1977-present electric guitar by Dean Guitars

Originally called E'Lite, the Dean Cadillac is a guitar designed and created by Dean Guitars. It has a resemblance to the Dean ML, the Gibson Les Paul and the Gibson Explorer. It was released alongside the Dean ML, V and Z. Glen Drover of the band Megadeth is known for using this guitar, as well as Rob Barrett of Cannibal Corpse, Rich Williams and Kerry Livgren of Kansas from 1979 to 1983, John McFee of The Doobie Brothers, Pig Benis Jack Kilcoyne of Mushroomhead, Sascha Gerstner of Helloween and Jesse Penny of Steel Mistress. Also Eric Peterson from Testament used one of this guitar model in live performances.

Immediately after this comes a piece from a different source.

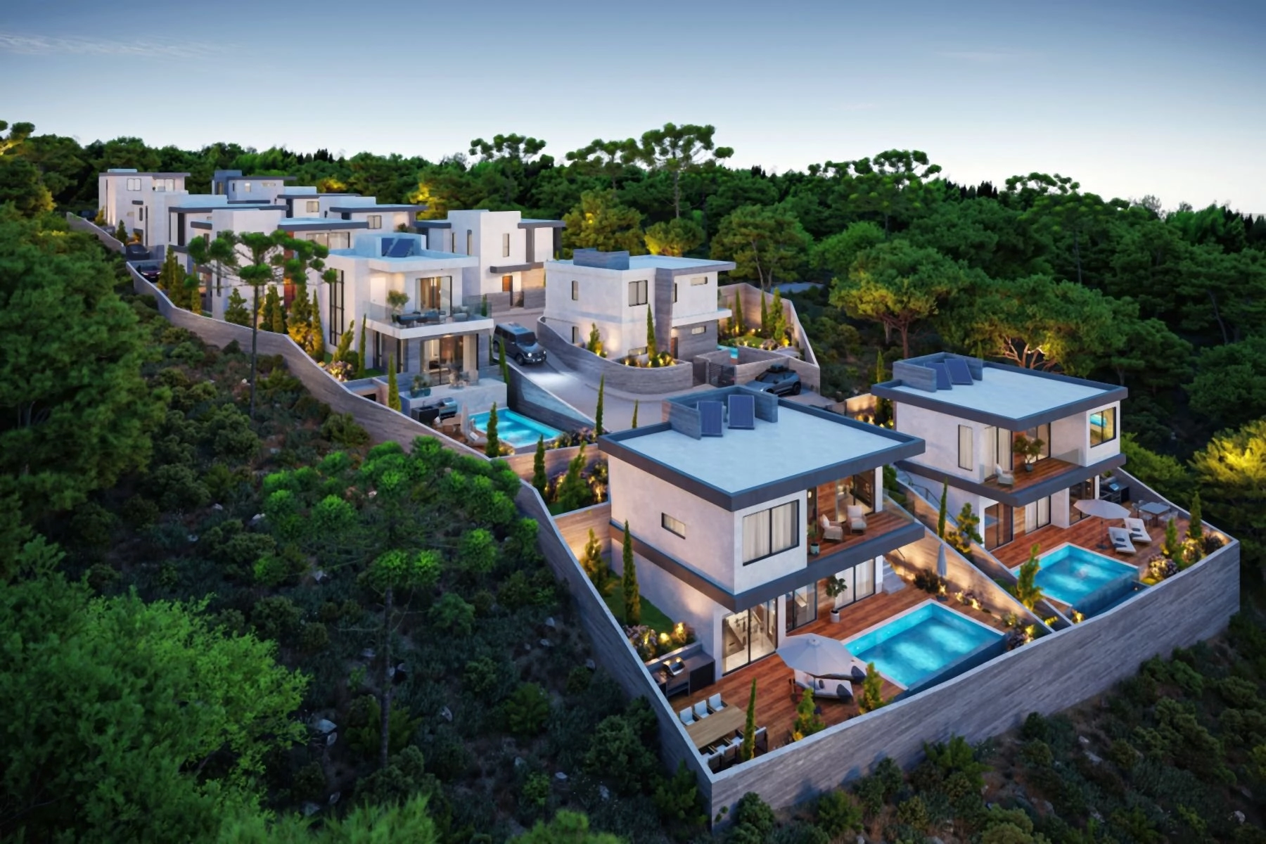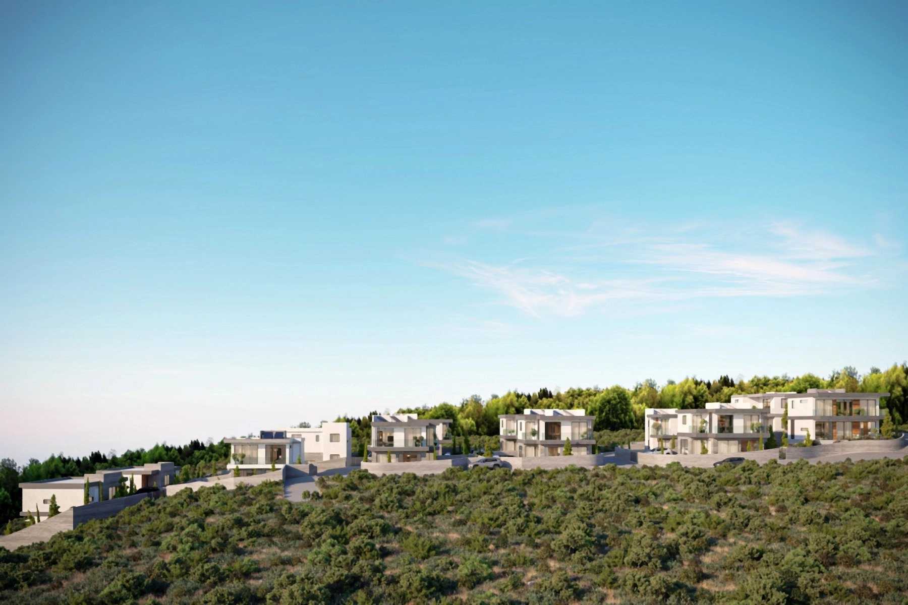The location offers the perfect balance of serenity and convenience — only a short drive from the city center, international schools, shops, and the coast. Energy-efficient construction, photovoltaic provisions, and customizable interiors add a personal touch to each home.

The Dean Cadillac shape was also available as a bass guitar.

==25th Anniversary model==
The 25th Anniversary model of the Dean Cadillac was released in 2002, in a limited quantity of 100 guitars. The model had a flame-maple top, abalone fingerboard inlays, 24-karat gold plated hardware and a 25th Anniversary emblem on the headstock. The model claimed to be of the same quality that was originally reserved for Dean's top artist customers; the suggested retail price was below $3,000.